-------- Task material

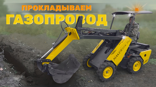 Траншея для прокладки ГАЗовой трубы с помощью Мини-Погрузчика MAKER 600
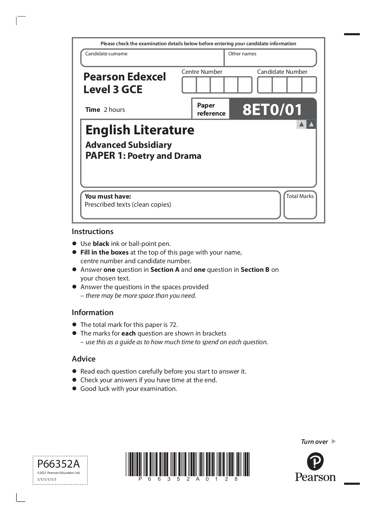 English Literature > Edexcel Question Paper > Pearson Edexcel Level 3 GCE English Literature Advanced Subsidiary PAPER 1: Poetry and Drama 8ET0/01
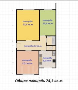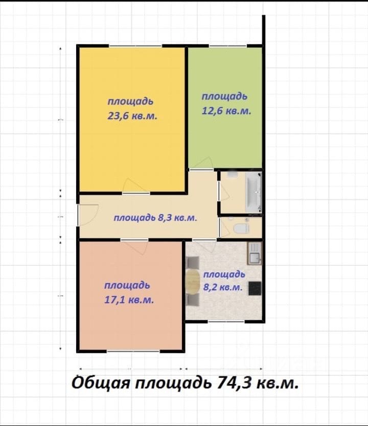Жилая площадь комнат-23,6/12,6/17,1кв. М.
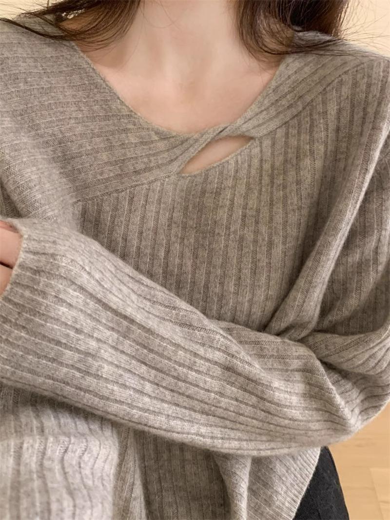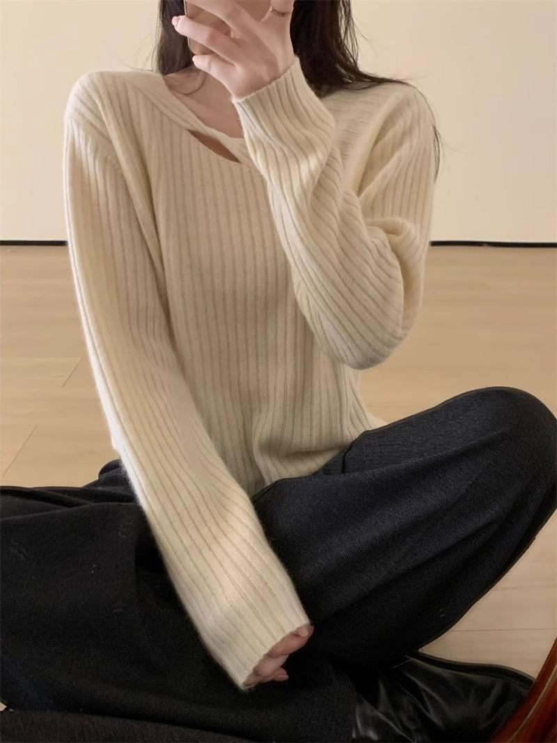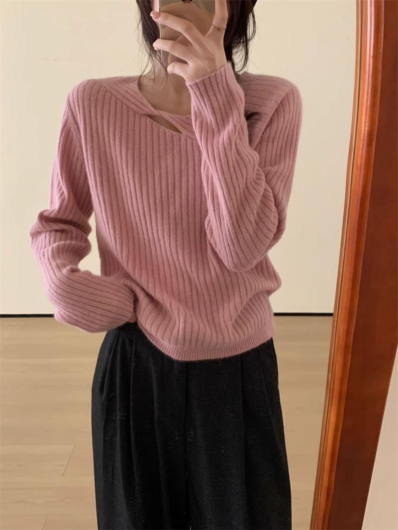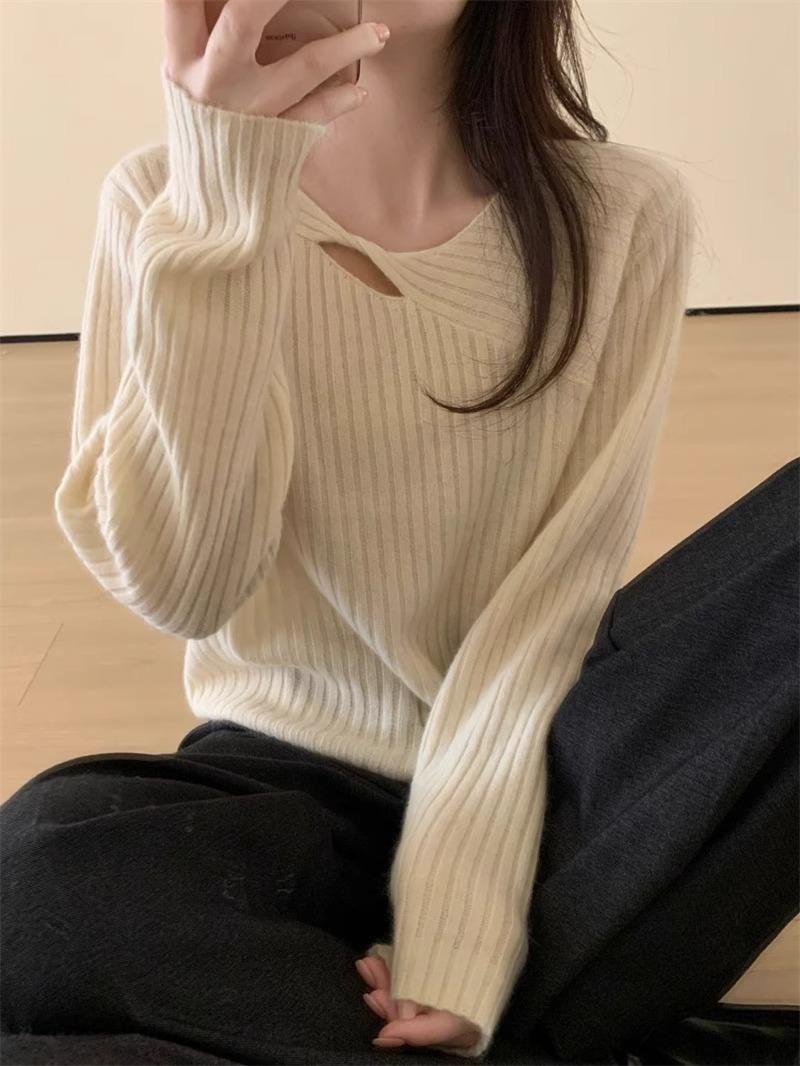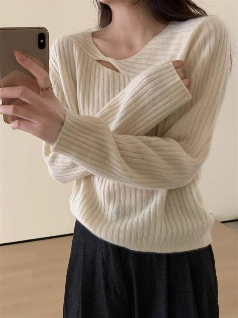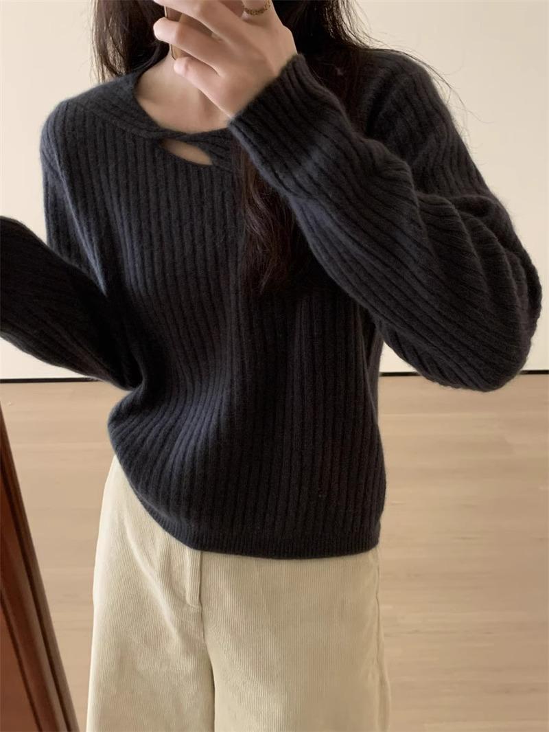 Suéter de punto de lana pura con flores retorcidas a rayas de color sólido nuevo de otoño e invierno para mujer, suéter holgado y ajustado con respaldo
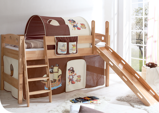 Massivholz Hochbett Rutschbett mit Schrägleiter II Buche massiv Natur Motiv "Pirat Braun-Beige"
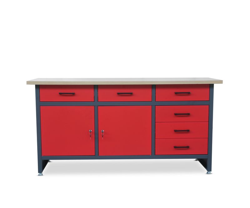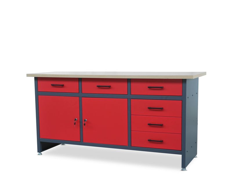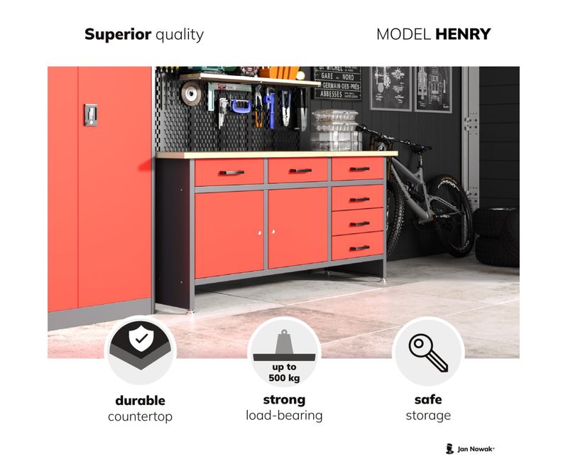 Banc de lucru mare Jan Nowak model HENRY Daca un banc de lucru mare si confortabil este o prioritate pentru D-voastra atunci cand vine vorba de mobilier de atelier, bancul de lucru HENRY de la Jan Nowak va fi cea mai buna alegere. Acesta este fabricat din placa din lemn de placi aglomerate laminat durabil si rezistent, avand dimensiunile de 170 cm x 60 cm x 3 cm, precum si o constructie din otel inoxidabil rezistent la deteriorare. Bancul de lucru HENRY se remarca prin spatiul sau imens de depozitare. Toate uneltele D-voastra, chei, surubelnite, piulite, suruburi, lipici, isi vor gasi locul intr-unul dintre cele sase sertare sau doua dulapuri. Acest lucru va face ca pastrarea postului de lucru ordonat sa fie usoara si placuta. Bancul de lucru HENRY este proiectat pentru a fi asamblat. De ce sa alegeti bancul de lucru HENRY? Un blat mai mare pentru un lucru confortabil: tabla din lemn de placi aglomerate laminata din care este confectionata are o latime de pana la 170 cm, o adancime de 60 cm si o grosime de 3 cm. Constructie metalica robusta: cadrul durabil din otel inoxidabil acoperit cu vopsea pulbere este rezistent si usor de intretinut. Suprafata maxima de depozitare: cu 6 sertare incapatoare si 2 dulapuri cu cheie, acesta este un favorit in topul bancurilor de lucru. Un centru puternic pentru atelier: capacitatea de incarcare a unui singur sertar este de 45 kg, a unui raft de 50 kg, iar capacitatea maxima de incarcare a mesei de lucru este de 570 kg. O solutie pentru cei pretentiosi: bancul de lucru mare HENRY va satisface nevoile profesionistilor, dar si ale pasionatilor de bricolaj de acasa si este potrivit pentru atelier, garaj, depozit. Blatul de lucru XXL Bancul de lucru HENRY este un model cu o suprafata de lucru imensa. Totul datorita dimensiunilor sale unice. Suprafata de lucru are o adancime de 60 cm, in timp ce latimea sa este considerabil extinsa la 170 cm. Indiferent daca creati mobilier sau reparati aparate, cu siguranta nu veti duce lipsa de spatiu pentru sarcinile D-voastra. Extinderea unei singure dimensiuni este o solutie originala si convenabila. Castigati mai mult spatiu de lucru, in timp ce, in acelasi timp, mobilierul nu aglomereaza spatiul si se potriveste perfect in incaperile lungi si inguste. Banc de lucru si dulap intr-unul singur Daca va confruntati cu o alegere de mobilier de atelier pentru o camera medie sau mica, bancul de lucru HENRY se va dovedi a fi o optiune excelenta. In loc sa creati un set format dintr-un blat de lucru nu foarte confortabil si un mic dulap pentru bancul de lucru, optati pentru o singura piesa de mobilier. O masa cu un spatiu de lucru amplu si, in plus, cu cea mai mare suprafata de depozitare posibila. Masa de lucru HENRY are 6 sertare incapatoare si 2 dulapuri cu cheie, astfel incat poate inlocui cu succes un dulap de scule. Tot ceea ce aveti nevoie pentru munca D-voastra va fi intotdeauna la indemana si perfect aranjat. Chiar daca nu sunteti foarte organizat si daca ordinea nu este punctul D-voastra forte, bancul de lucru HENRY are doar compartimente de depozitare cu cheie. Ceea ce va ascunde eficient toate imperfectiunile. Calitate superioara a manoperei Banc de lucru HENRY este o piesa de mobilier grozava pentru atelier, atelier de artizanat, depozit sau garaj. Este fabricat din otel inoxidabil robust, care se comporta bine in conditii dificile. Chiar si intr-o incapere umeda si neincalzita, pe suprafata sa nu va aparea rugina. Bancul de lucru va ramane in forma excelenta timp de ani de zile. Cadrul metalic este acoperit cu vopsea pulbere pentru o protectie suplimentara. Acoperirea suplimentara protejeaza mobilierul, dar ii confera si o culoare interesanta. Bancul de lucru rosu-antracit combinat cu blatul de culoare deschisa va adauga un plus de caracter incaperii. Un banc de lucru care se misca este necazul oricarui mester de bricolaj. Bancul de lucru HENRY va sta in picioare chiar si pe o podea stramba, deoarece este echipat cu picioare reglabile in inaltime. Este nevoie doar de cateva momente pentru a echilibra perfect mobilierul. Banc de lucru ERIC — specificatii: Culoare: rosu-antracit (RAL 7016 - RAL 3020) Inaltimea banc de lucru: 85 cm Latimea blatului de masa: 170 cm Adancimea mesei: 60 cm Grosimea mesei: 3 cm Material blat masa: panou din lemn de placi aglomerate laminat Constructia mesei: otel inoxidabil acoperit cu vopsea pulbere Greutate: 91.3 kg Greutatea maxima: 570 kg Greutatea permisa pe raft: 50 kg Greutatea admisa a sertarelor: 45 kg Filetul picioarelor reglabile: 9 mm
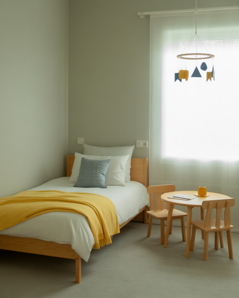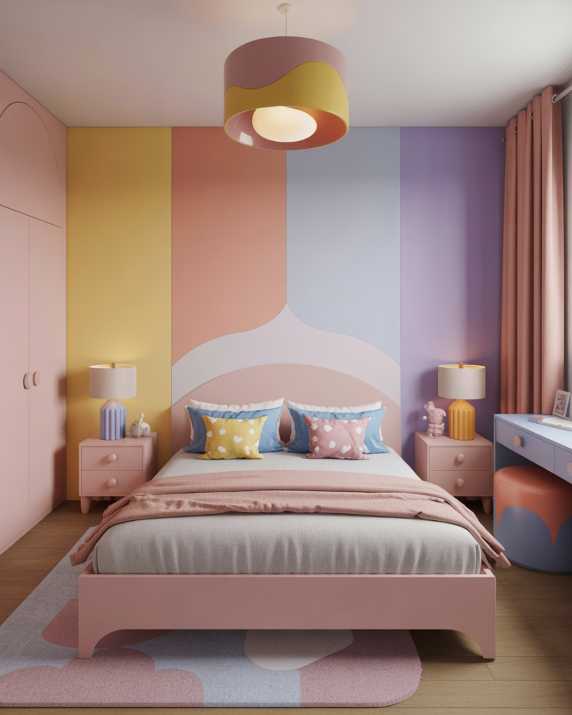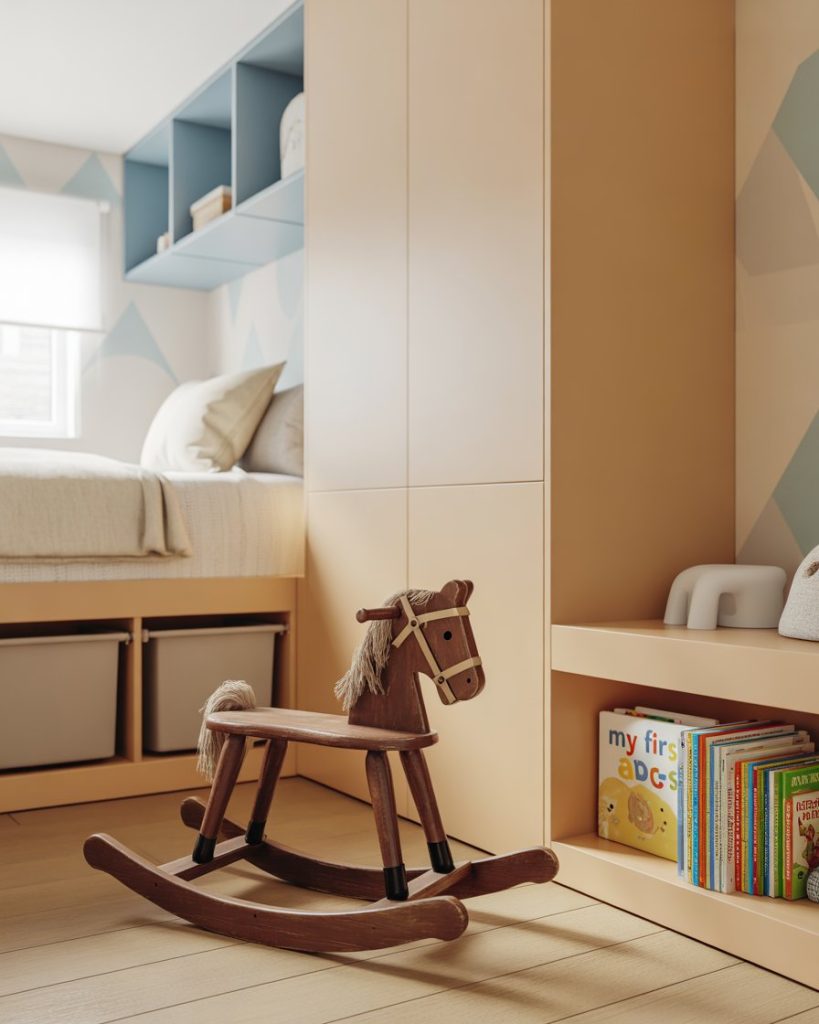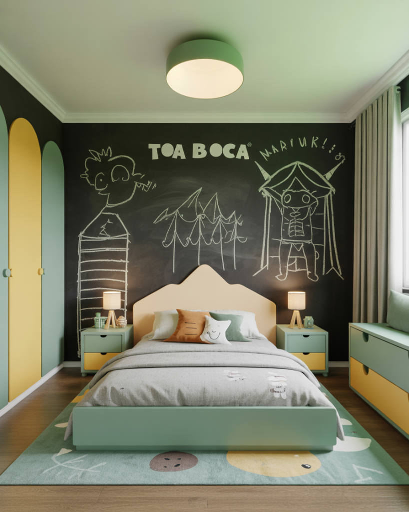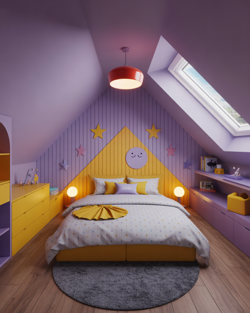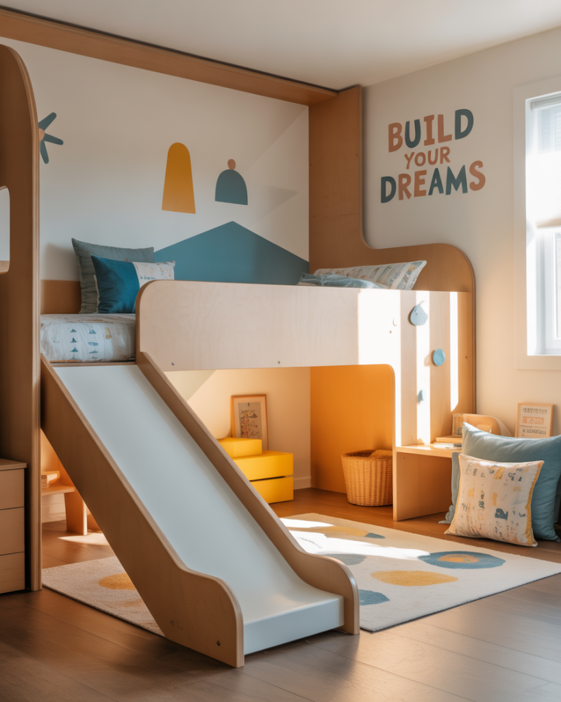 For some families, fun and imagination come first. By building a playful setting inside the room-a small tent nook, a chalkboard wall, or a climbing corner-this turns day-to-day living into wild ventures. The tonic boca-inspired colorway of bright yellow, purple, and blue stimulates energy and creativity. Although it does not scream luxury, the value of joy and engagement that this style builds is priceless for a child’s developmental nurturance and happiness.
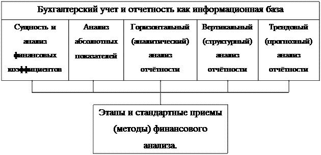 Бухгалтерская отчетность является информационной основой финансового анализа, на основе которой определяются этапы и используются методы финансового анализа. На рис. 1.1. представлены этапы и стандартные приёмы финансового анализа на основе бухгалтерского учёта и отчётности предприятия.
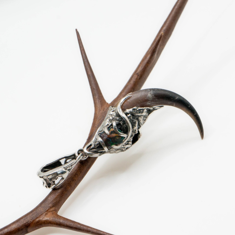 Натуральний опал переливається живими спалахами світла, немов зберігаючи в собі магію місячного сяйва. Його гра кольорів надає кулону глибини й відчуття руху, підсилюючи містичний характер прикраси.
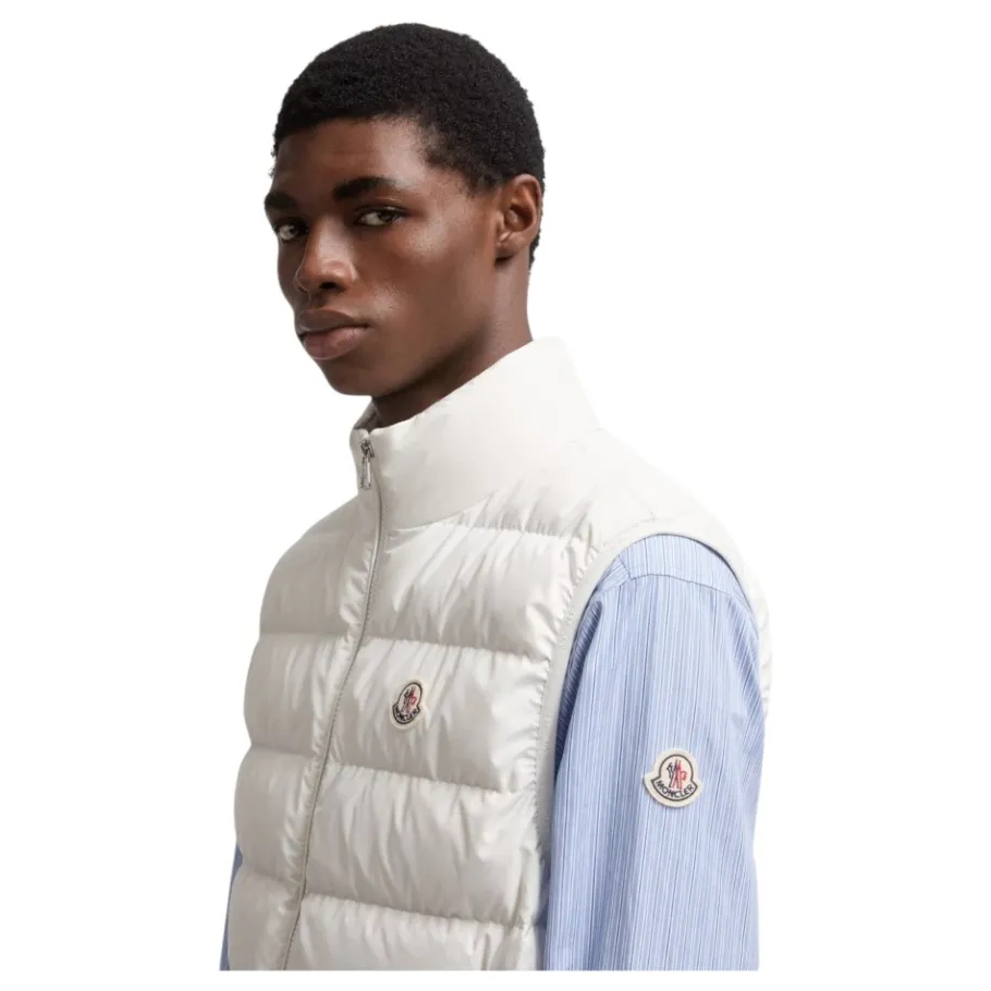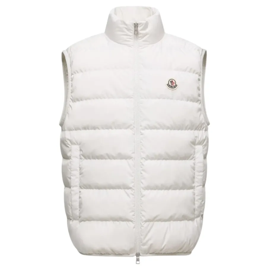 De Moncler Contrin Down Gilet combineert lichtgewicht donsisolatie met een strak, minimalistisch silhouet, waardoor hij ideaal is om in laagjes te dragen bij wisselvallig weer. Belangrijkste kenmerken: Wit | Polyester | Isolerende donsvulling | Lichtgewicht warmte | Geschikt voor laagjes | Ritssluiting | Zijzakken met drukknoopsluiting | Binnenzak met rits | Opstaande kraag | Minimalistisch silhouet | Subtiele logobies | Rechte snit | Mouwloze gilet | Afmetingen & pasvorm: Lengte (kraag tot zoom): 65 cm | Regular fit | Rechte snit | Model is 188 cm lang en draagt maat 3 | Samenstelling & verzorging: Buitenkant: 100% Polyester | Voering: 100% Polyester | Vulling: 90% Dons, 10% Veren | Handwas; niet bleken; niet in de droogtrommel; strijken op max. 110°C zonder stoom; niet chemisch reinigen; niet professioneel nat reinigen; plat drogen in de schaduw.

----------------

Problem requirements => Write out exactly and only the lines that run from the start of the data above through the line containing "Жилая площадь комнат-23,6/12,6/17,1кв. М.", leaving the pictures out.

Response to this exercise =>
 Траншея для прокладки ГАЗовой трубы с помощью Мини-Погрузчика MAKER 600
 English Literature > Edexcel Question Paper > Pearson Edexcel Level 3 GCE English Literature Advanced Subsidiary PAPER 1: Poetry and Drama 8ET0/01
Жилая площадь комнат-23,6/12,6/17,1кв. М.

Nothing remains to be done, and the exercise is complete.